- The Washington Times - Thursday, June 21, 2001

The Justice Department yesterday said it will require Signature Flight Support Corp. to divest a flight-support services business including fueling and ramp/hangar rentals at Florida's Orlando International Airport for the company to proceed with its purchase of Ranger Aerospace Corp.

The department said the purchase, as proposed, would have resulted in higher prices for aviation services at the airport.

Aircraft Service International Group Inc. (ASIG), a wholly owned subsidiary of Ranger, conducts fixed-base operations at the Orlando airport.

Signature and ASIG are the only fixed-base operators at the airport, competing head-to-head to provide flight-support services.

In a lawsuit filed by Justice's antitrust division in U.S. District Court in Washington, the department seeks to block the proposed transaction.

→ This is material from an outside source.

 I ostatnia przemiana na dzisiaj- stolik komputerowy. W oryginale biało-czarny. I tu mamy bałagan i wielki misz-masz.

A proposed consent decree, if approved by the court, would resolve the suit and the department's competitive concerns.

"This divestiture is necessary to prevent anti-competitive harm to operators of charter, private and corporate aircraft at Orlando International Airport," said acting Assistant Attorney General John M. Nannes, who heads the antitrust division.

According to the complaint, the merger would have resulted in a monopoly in the market for fixed-base flight-support operations at the Orlando airport.

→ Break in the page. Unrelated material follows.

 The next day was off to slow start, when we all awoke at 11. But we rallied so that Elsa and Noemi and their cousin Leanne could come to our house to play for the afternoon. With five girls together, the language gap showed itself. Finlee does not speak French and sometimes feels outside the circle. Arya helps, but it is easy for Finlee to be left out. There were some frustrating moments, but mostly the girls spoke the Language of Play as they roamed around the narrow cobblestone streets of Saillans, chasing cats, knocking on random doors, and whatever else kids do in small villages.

The loss of competition likely would have resulted in higher prices and decreased quality of service to charter, private and corporate aircraft operators who use fixed-base operations, it said.

Signature, headquartered in Orlando, owns the nation's largest network of fixed-base operations, which consists of more than 40 locations nationwide. Its 1999 revenues were about $400 million.

Ranger is a Delaware holding company with its main office in Greenville, S.C. ASIG, also a Delaware corporation, is headquartered in Dania, Fla.

In addition to its fixed-base operations in Orlando and at one other airport in the United States and at one airport in the Bahamas, it provides fueling for commercial airlines and related services in airports throughout the United States. Revenues were $141 million for the fiscal year ended in March 2000.